Sheridan looms large in Corwin’s book, as befitting a truly larger-than-life character.
“The Colonel was the best announcer I've ever worked with, and remember, I did NBA, NHL and Major League Baseball for a dozen years before boxing,” Corwin says. “He was the best for making a lousy fight watchable, making a good fight great and making a great fight unforgettable. He was the best at filling in spaces. He would keep it interesting. He had stories. One time, in Thackerville, Oklahoma, the ring rope broke. Took them an hour and 10 minutes to fix it. The Colonel filled for that whole time. Who else can do that?”
Naturally also prominent in the book’s pages are Arum and King, of whom Corwin is frequently defensive.
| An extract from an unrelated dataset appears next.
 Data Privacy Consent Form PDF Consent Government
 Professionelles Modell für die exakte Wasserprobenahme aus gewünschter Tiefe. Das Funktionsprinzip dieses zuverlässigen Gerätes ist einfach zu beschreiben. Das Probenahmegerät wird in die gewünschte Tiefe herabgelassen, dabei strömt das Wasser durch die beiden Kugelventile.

While acknowledging their flaws and their mistakes, he is also keen to underline the talent and application that carried them to the top of their chosen business.
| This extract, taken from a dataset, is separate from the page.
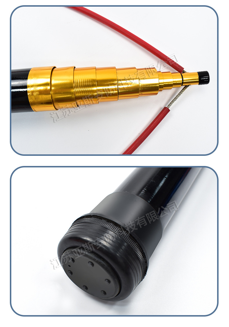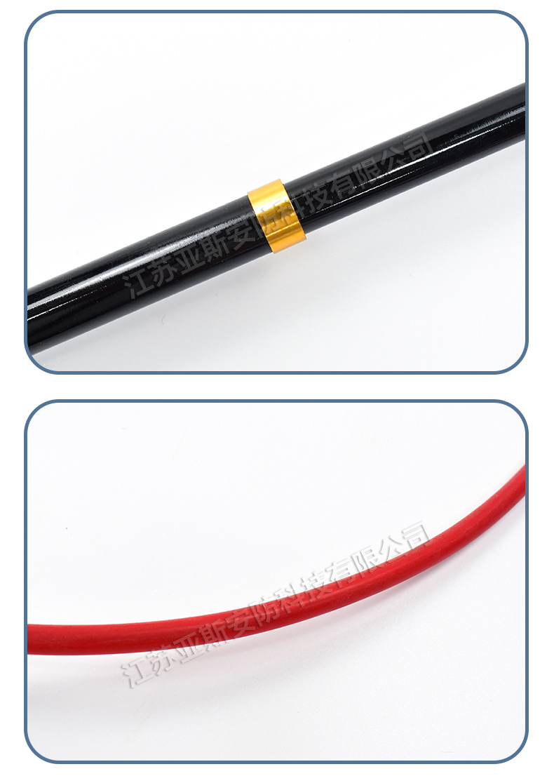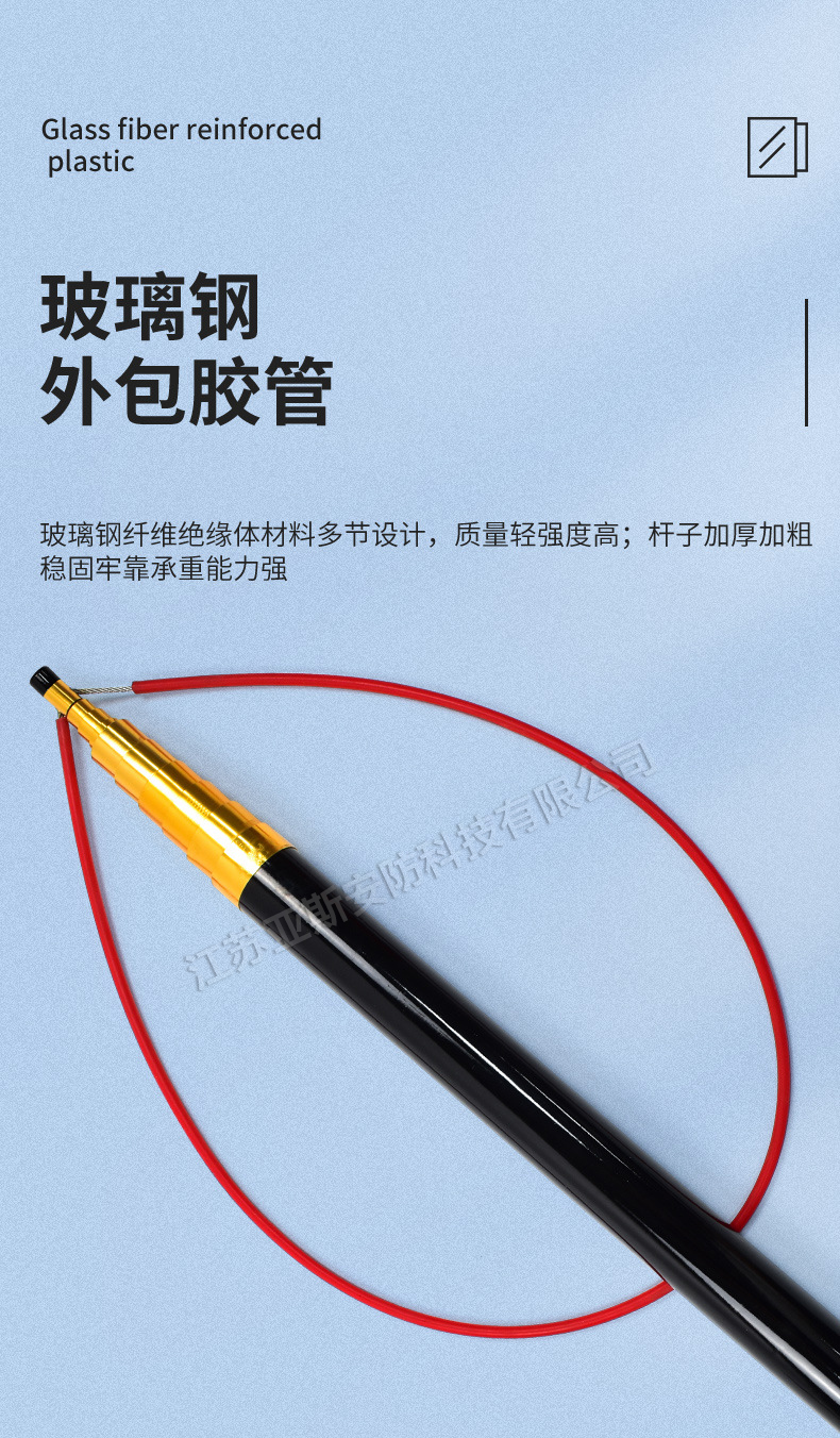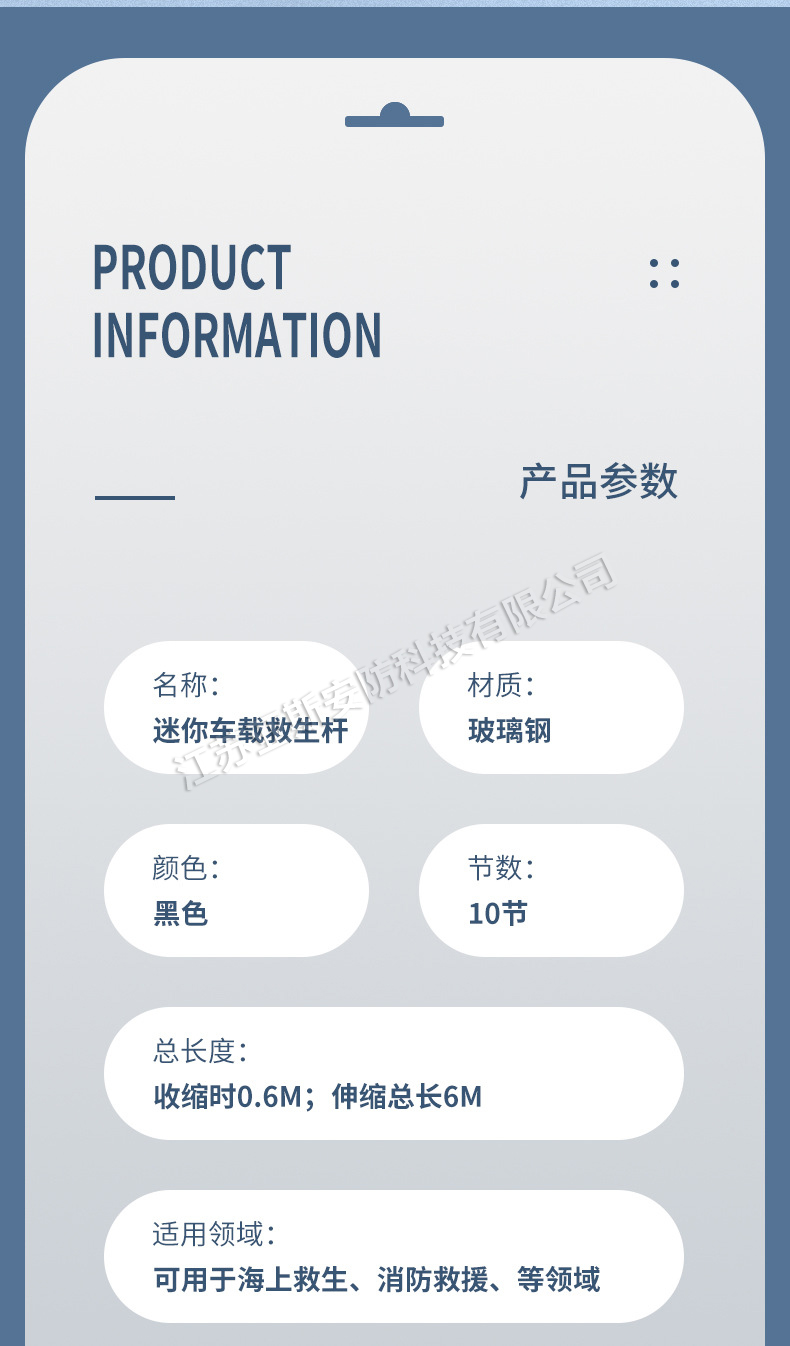 材质:玻璃钢,伸长6米,收缩后0.6米,颜色:黑色,重量:0.9公斤,最粗外径43mm,最细直径 10mm,红色套圈直径 38cm。特点:可装进个人携行包,方便存放。

“Being a promoter is one of the hardest jobs in the world because of the amount of time it takes, the negotiating round the clock for all of sorts of things,” he says. “I came up with what I thought was a good analogy, and I talk about boxing promotion being like setting up a shaky card table with four legs. One leg is the fighter, one leg is the venue. One leg is the broadcaster. One leg is the public, and if any of those shaky legs goes the whole table goes over. What a difficult thing to do. So both of those guys have an incredibly different, difficult job. They're sniped at by everybody, even if they're really good at what they do. The public snipes at them. The reporters snipe at them. Their own fighters. So, it's such a hard job, and I don't ignore the things that people call controversies related to these two guys, but the point of the book is to acknowledge their accomplishments, that no matter what you think of them as human beings, they both managed to accomplish amazing things and put out some amazing fights.”
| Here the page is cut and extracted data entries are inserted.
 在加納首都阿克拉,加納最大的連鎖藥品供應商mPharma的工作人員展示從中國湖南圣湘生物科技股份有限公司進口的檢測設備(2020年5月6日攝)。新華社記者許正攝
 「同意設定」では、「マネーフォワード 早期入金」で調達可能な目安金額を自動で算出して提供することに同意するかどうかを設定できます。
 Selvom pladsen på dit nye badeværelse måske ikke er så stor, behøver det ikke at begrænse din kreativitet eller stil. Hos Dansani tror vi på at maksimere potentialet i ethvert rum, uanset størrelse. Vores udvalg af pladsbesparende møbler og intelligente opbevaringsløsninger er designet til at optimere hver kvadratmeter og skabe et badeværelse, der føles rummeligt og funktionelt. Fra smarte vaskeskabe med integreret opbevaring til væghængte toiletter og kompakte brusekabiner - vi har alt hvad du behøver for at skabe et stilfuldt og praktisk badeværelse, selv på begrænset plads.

That Arum has outlasted his old rival is, Corwin suspects, down to one particular personality trait.
“Don King did everything himself,” he explains. “He had to be on top of every detail. Not only did he know what was in every contract, he was the only one who did. In contrast, Bob Arum put good people in positions to do what they needed to do and trusted them with authority – guys like Carl Moretti, Brad Jacobs, Brad Goodman, and Bruce Trampler. Bob trusted the right people. Don never handed the reins to anyone else.”
As Corwin and I talked, news leaked that ESPN would be allowing its contract with Arum’s Top Rank to expire in the summer, leaving boxing without a linear TV outlet in the United States, and arguably the sport’s biggest promoter looking for a new platform for its fights. It is all part of the change that is sweeping the media industry generally, and boxing specifically, in recent years. And while Corwin has no idea what lies ahead, he is sanguine about what the future might hold. After all, he never expected to be here in the first place.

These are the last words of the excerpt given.